İnanç ve rasyonellik - Faith and rationality

İnanç ve rasyonellik , değişen derecelerde çatışma veya uyumluluk içinde bulunur. Rasyonellik , akıl veya gerçeklere dayanır . İnanç , ilhama , vahiy veya otoriteye olan inançtır . Kelime inanç bazen sebep ve delil yetersizliğinden, ya karşı rağmen tutulur bir inanç ile düzenlenen bir inancıdır sebeple veya delil ya da delil emri bir dereceye dayanan inanç başvurabilir.

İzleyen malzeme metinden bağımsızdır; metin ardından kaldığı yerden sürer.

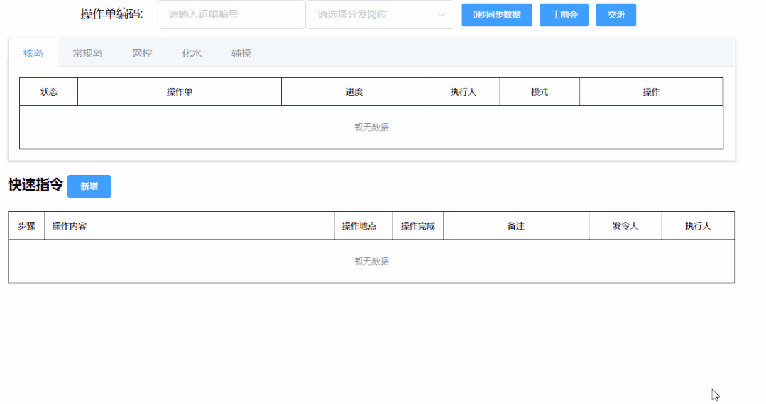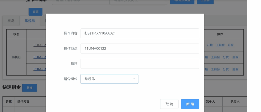 快速指令模块和临时操作单编写模块分别用于单一指令和临时操作单在线使用,实现操作指令的标准化,改变原有的电话下指令方式,大大降低人因失误可能性。
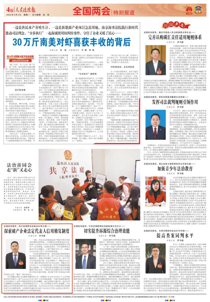 原标题:《全国政协委员、四川省律师协会副会长李正国:探索破产企业法定代表人信用修复制度》

İnanç ve inanç sözcükleri bazen hatalı bir şekilde bir araya getirilip eş anlamlı olarak kullanılsa da , inanç, yukarıda tanımlandığı gibi , doğru bir şekilde belirli bir inanç türünü (veya alt kümesini) ifade eder.

Genel olarak, inanç ve akıl arasındaki ilişkiye ilişkin iki görüş kategorisi vardır:

  1. Rasyonalizm , gerçeğin inanç, dogma , gelenek veya dini öğreti yerine akıl ve olgusal analizle belirlenmesi gerektiğini savunur .
  2. Fideizm , inancın gerekli olduğunu ve inançların herhangi bir kanıt veya sebep olmaksızın ve hatta kanıt ve akılla çelişerek tutulabileceğini savunur .

Katolik Kilisesi de doğrudur yani öğretmiştir inanç ve doğru sebep hem Allah'a kökenlerine sahip olarak belirtildiği gibi, birbiriyle çelişen olamaz, düzgün görüntülenmesi ve birlikte çalışmak zorundadır, hem de Papalık tamim tarafından verilen mektupta Papa John Paul II , Fides et oranı ("İnanç ve Akıl").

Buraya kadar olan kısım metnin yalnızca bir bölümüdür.